Over the holiday season, I have spent a lot of time with dysfunctional family. Let’s just say that I am really missing my (functional) friends right now. It is really hard to spend a lot of time with dysfunctional people. These are people who I love, but I can no longer connect in the way I used to. Or, it is probably more accurate to say that I am now more aware of the lack of connection that has always been there.

When I spend time with my functional friends, we talk about all sorts of things. We can talk for hours about things that don’t matter and, more importantly, the things that do. We enjoy connecting by spending focused time together. Contrast this with my time with dysfunctional family. What do we do together? Watch TV shows and make snarky comments. With one of these family members, we can talk about important things over the phone, but it is all very shallow when we are together in person. It makes me sad.

I am noticing more of the ways in which my dysfunctional family members are clueless about the basics of interacting with other people, and I keep asking myself how they could not know these very basic things (like saying, “Thank you,” when somebody does something nice for you). I have to keep reminding myself that the real question is how **I** now know these things. They are not the ones who have changed – I have.

I find myself grieving, but it is hard to pinpoint specifically what it is that I am grieving. I do not want to go back to being emotionally unhealthy. I am very grateful for my health. However, my emotional health has come with the cost of losing relationships that were once very special to me. I now see how dysfunctional they were, but they were special to me nonetheless.

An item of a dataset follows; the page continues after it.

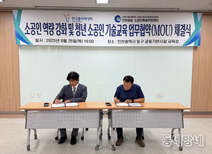 동네방네 김형규 기자 | 인천광역시는 9월 25일 인천송림 소공인특화지원센터에서 ‘소공인 역량 강화 및 청년 소공인 기술교육 지원을 위한 업무협약(MOU)’을 체결했다고 밝혔다.

I guess I am realizing that we no longer really fit into one another’s lives any longer, and that hurts. I have already lost so much throughout my lifetime, thanks to the abuse, and now I am experiencing more losses. But then I have to ask if there was ever anything to lose. The relationships were probably always this empty, but I was just too emotionally unhealthy to see it. So, then, what exactly am I grieving? The loss of innocence about these relationships? The loss of what I thought those relationships were?

All I know is that I have a heavy heart today. I am going to let myself feel the sadness so I will not have to carry it around with me. I know that I only have to hang in there for one more week and then life will get back to normal.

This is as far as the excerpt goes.